5.       What is the role of dialogue with peers and journaling in developing and maintaining the worth of your project?

 

6.       What are some disclaimers or boundaries that L&G offer re: the standards and steps to meet them (pp. 328-331)?

·        Who is the determiner of trustworthiness? (The audience? The participants? Others?)

·        How should we conceptualize the meeting of trustworthiness criteria? That is, can we say, simply that a study “does” or “doesn’t” meet the standards? At which point can we determine that a given study is “trustworthy”? [P.S. Based on our other readings, must naturalists still be as defensive about their position as L&G propose in 1985?]

·        How, exactly, is the meeting of the trustworthiness criteria to be “operationalized

·        At what stage of your inquiry do the criteria become relevant? In other words, is “worth” something that occurs in the conceptualization of a project, in the data collection and analysis, or in the write-up?

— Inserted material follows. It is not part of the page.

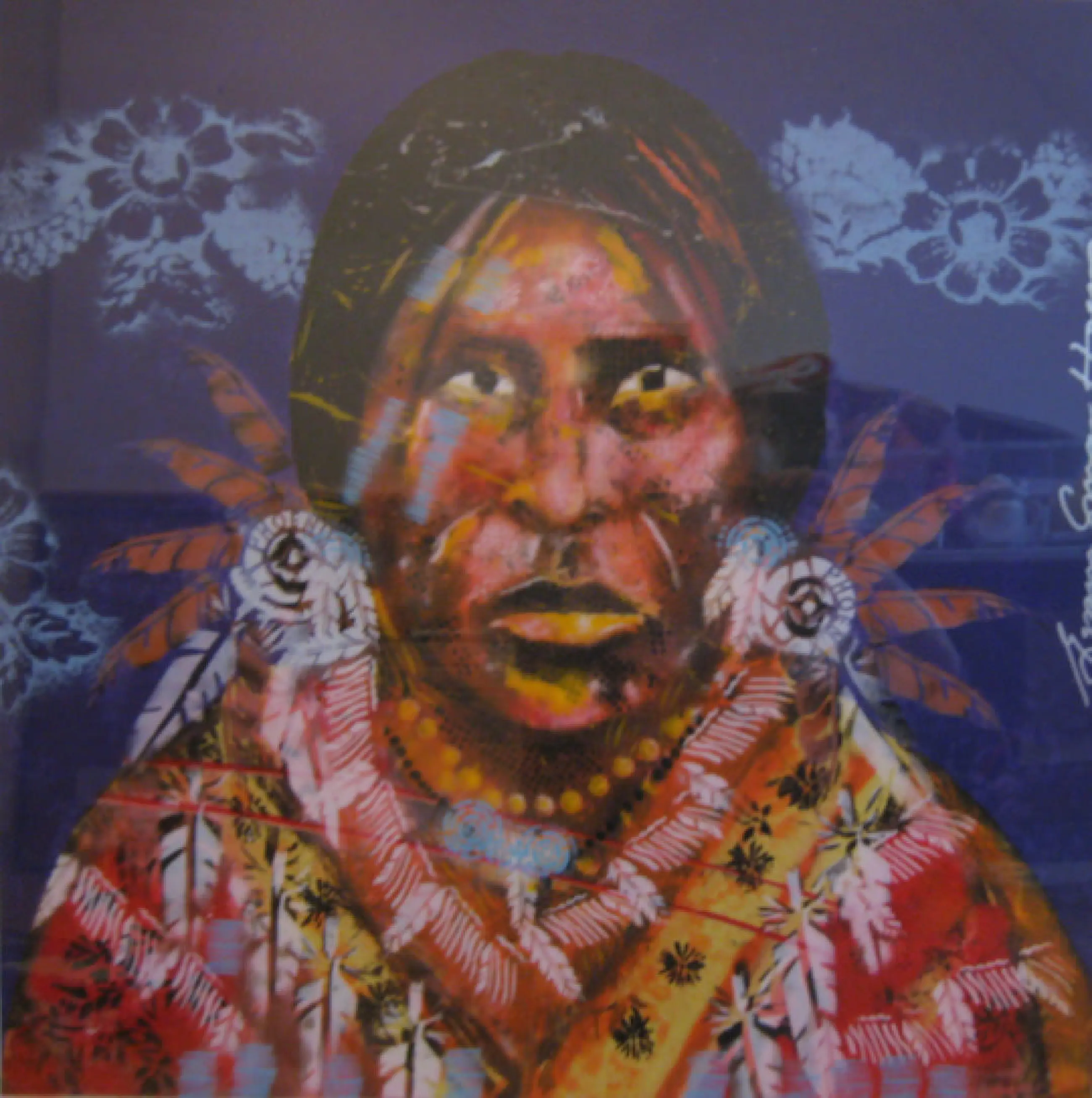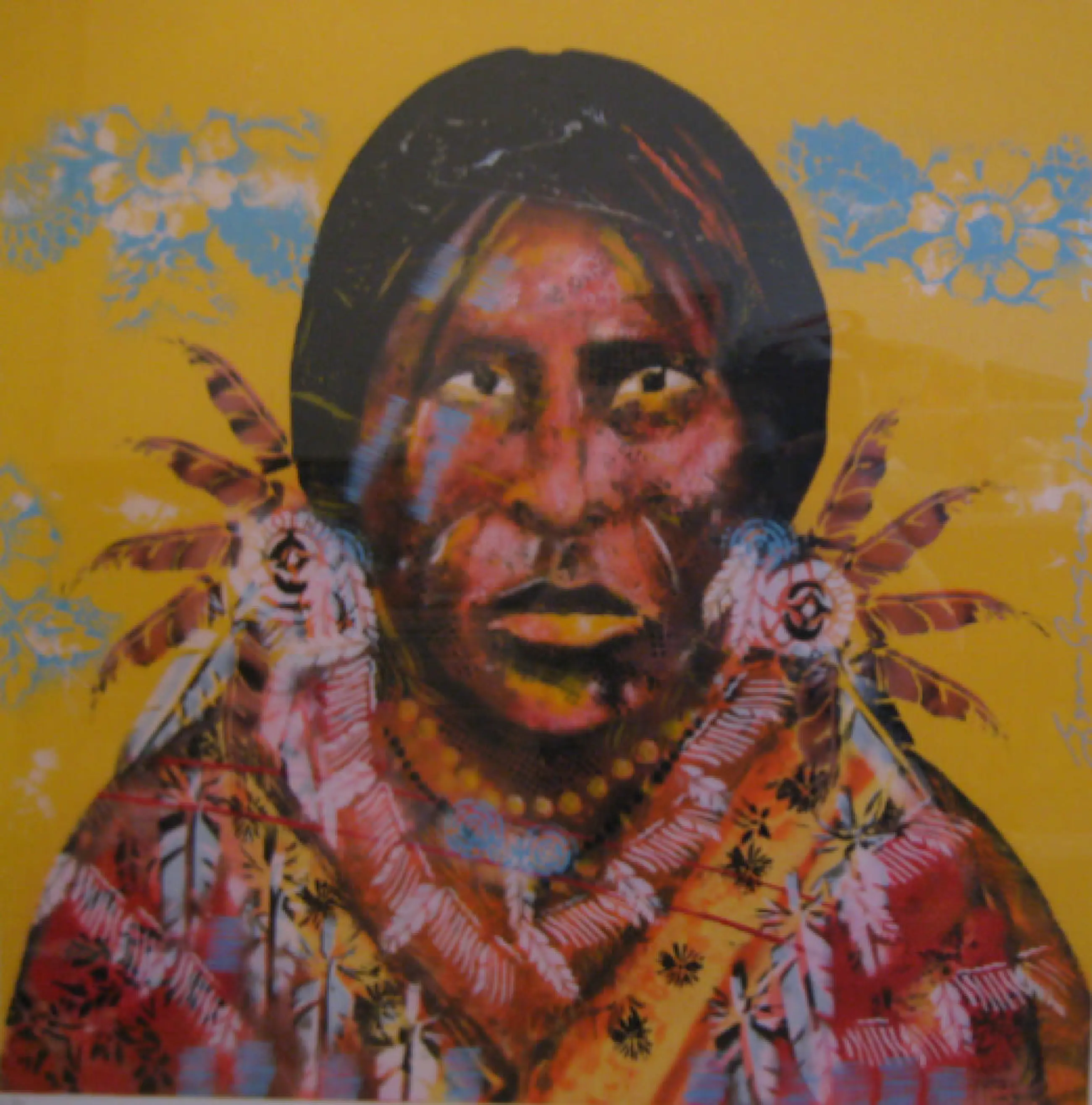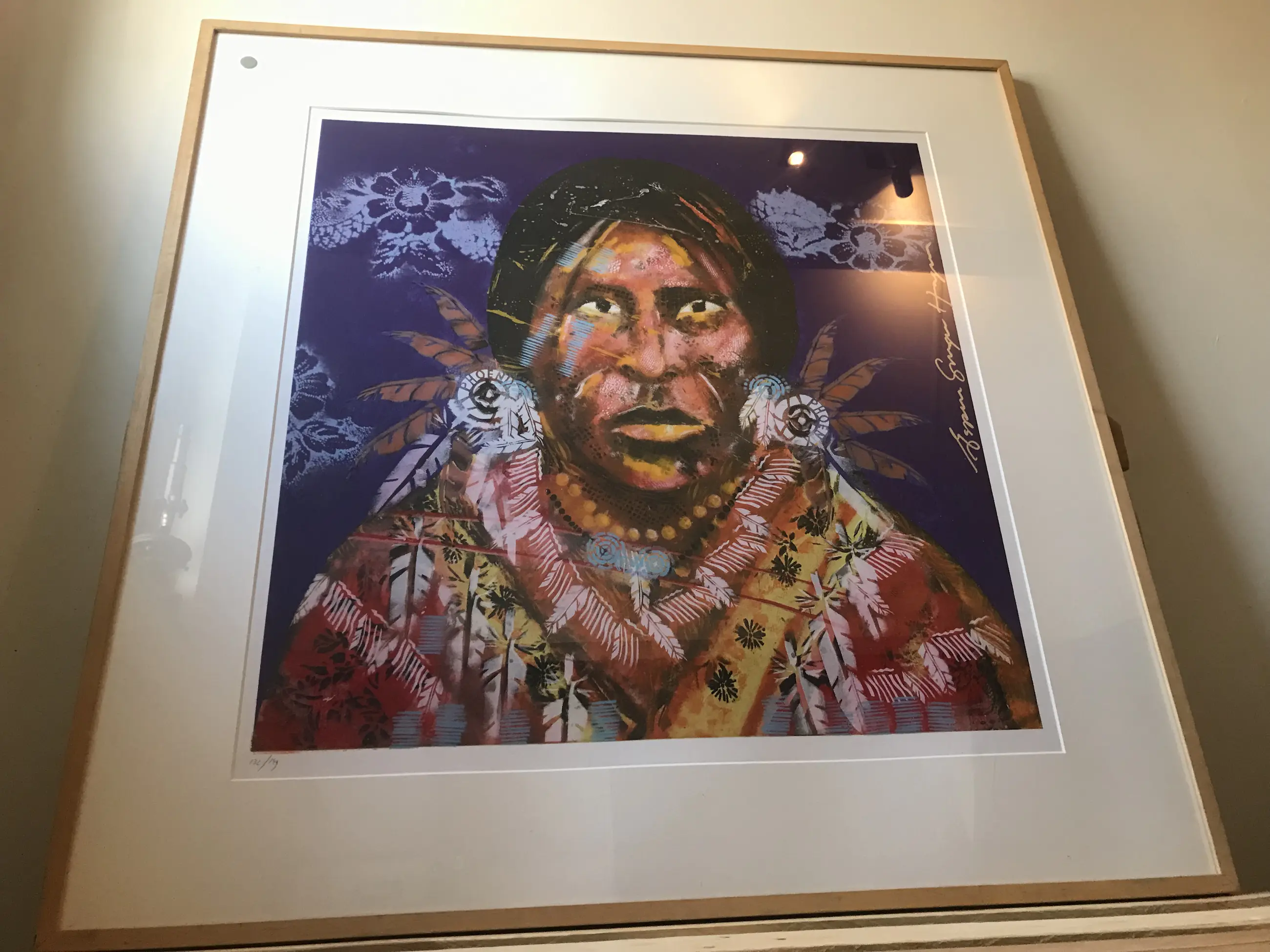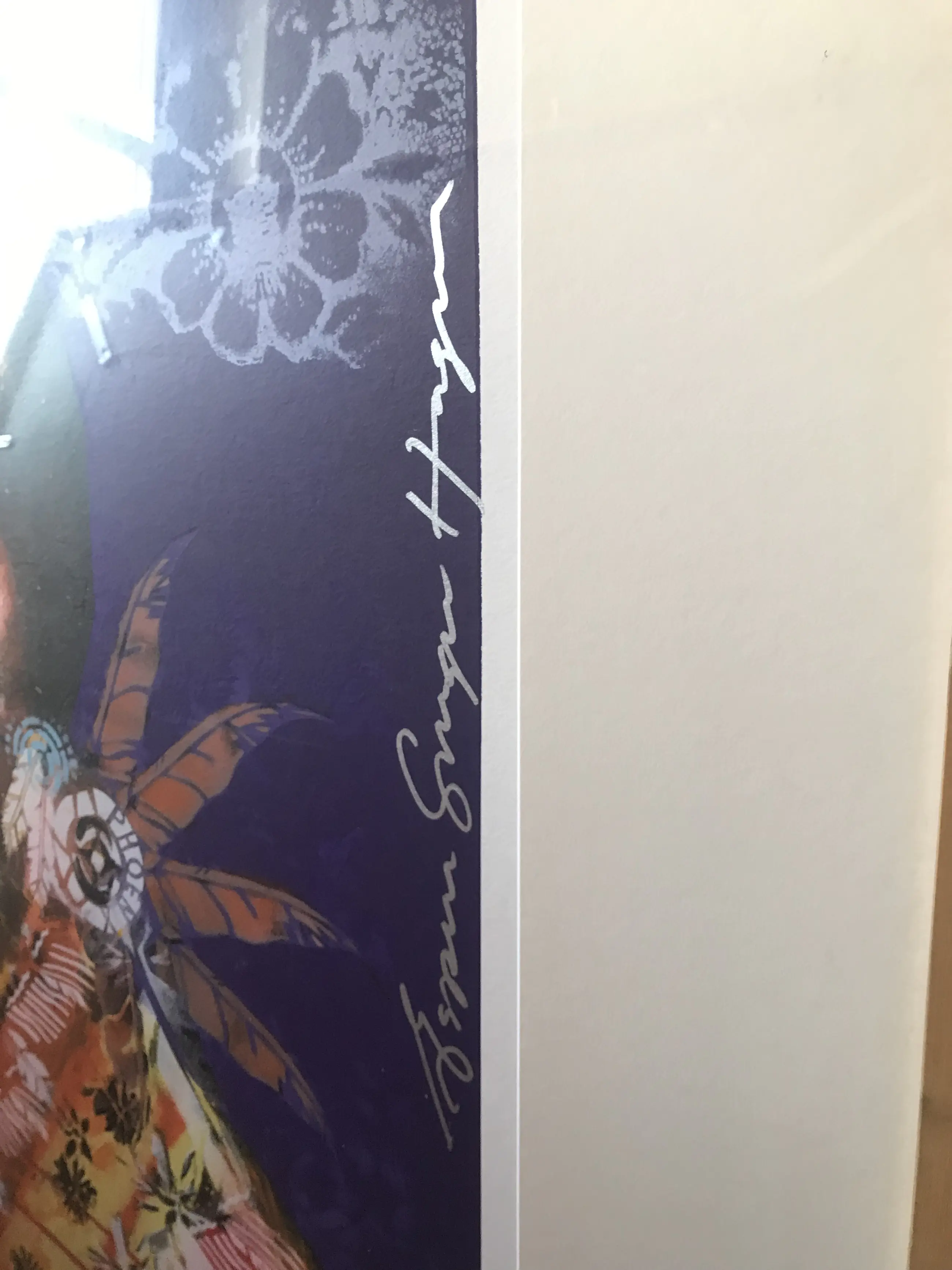 - Zeefdruk ingelijst met passe-partout / glas + houten lijst

·        To what degree should we formalize or reify these standards and steps?

 

7.       To what degree will L&G’s standards and steps be appropriate to your project? [Note: Part of this will depend upon the degree to which you subscribe to their underlying assumptions about the world, see Q. 3 above]

 


 

A Case Study of Worth--COM 473—Baldwin

 

The Situation:  You work for Human Resources for a Chrysalis, Inc.—a large tractor manufacturing company in Peoria that is undergoing rapid transition. The company is trying to rework organizational structures and organizational climate in hopes to modify processes towards current organizational theories of “excellence,” including participative management, management by objectives and so on. However, they do not know if (a) the current corporate structure, which has up until now been very “top-down” and “scientific” in approach will support this, and (b) how the measured steps they have taken so far are being received. They suspect that a closed-ended survey to assess attitudes will simply not give them the detail that they need, but really do not know much about qualitative research and are a bit suspicious of its rigor.

 

Your assignment: You want to conduct an interview study of employees to learn more about their perceptions on the two points above. The key question for this exercise: What steps will you take to make sure that your final study is “rigorous” and meets acceptable standards for qualitative research?

 

Of course, you will want to consider your audience. Since they come from a primarily quantitative and scientific management background, you will need to address the criteria of your project in a way that they will understand. But since Lincoln and Guba are “naturalists,” you may find that not all of their solutions pertain to your study!

 

A Case Study of Worth--COM 473—Baldwin

 

The Situation:  You work for Human Resources for a Chrysalis, Inc.—a large tractor manufacturing company in Peoria that is undergoing rapid transition. The company is trying to rework organizational structures and organizational climate in hopes to modify processes towards current organizational theories of “excellence,” including participative management, management by objectives and so on. However, they do not know if (a) the current corporate structure, which has up until now been very “top-down” and “scientific” in approach will support this, and (b) how the measured steps they have taken so far are being received. They suspect that a closed-ended survey to assess attitudes will simply not give them the detail that they need, but really do not know much about qualitative research and are a bit suspicious of its rigor.

 

Your assignment: You want to conduct an interview study of employees to learn more about their perceptions on the two points above. The key question for this exercise: What steps will you take to make sure that your final study is “rigorous” and meets acceptable standards for qualitative research?

 

Of course, you will want to consider your audience. Since they come from a primarily quantitative and scientific management background, you will need to address the criteria of your project in a way that they will understand. But since Lincoln and Guba are “naturalists,” you may find that not all of their solutions pertain to your study!